= Céloron de Blainville =

Céloron de Blainville is a French family of officers and colonial administrators, who notably played a role in New France beginning in the 17th century. One member, Pierre Joseph Céloron de Blainville, is the subject of a folk song by Robert Schmertz entitled Celoron.

==Persons==
Famous Céloron de Blainville family are :
- Jean-Baptiste Céloron de Blainville (born 1660 in Paris (France), still living in 1730), "seigneur" of Blainville, Quebec in New France.

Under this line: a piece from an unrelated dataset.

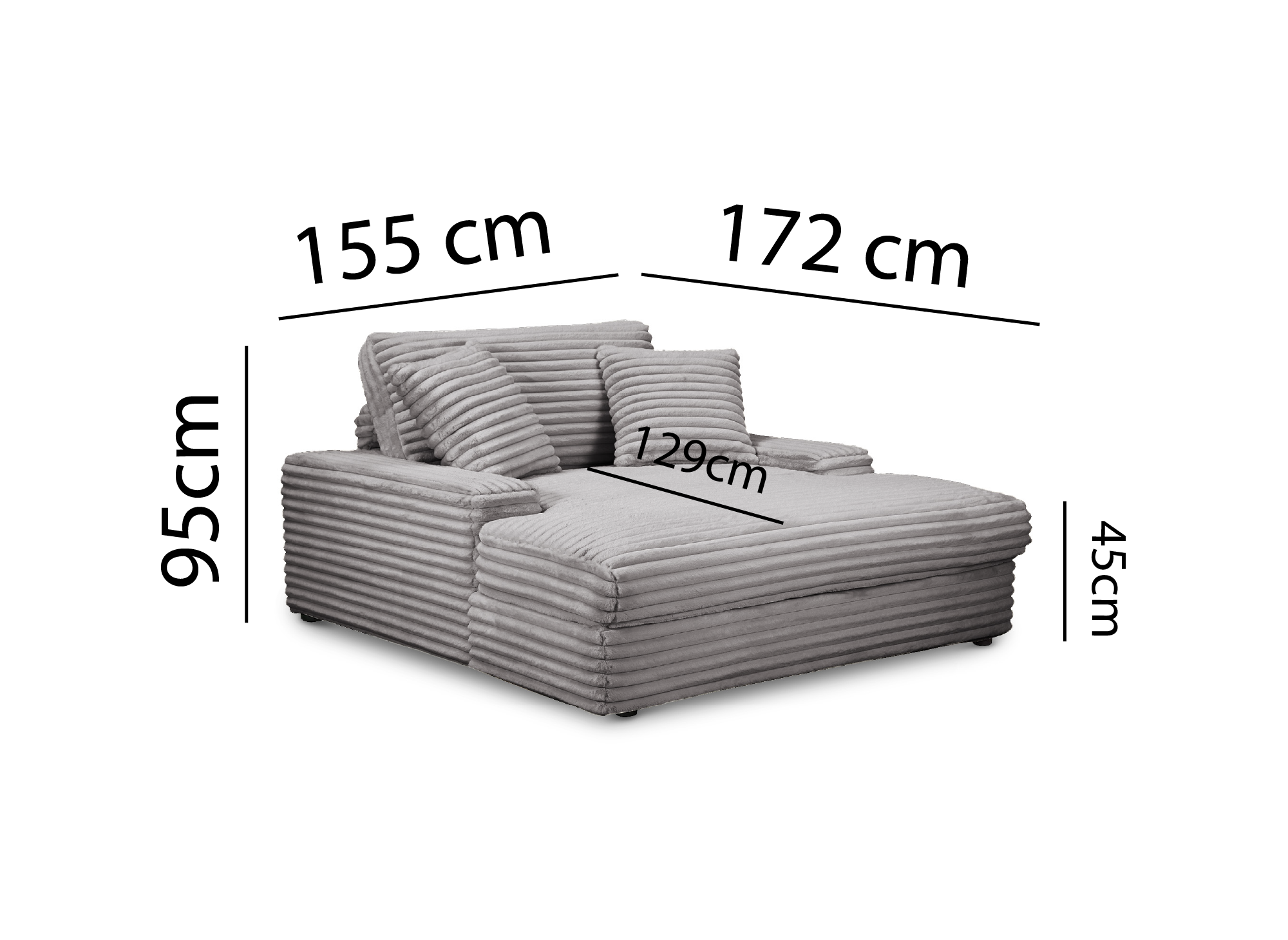 La méridienne XL DAHO se distingue par son design compact et élégant, idéal pour optimiser les petits espaces sans sacrifier le style. Le velours côtelé épais tout doux ajoute une touche de sophistication et de douceur.

He married Hélène Picoté de Belestre, daughter of a military commander of Montreal.
- his son Pierre Joseph Céloron de Blainville (1693–1759), leader of the 1749 Ohio expedition.
- Paul Louis Maxime Celoron de Blainville (1831–1889), gouvernor of Mayotte in 1887-1888 Son of Pierre-Louis Céloron de Blainville (1753-??) and grandson of Pierre Joseph Céloron.

==Attention==
The way of writing Céloron de Blainville is often wrong especially in modern documents :
- "Céloron" (or often Celoron in texts in English) is often miswritten "Celeron" or "Céleron", because of confusion with the Intel Celeron chipset of 2002.
- "Blainville" is often miswritten "Bienville", because of confusion with the name of the New France hero Jean-Baptiste Le Moyne de Bienville.
- So the writing "Celeron de Bienville" is common on the Internet but wrong.

==Places==
From the family Céloron de Blainville, came :
- Celoron, New York, a village in New York state, USA.
- Boulevard Céloron, in Blainville, Quebec, Canada.
- Blainville, Quebec, a city in Quebec.
- Blainville (electoral district) in Quebec.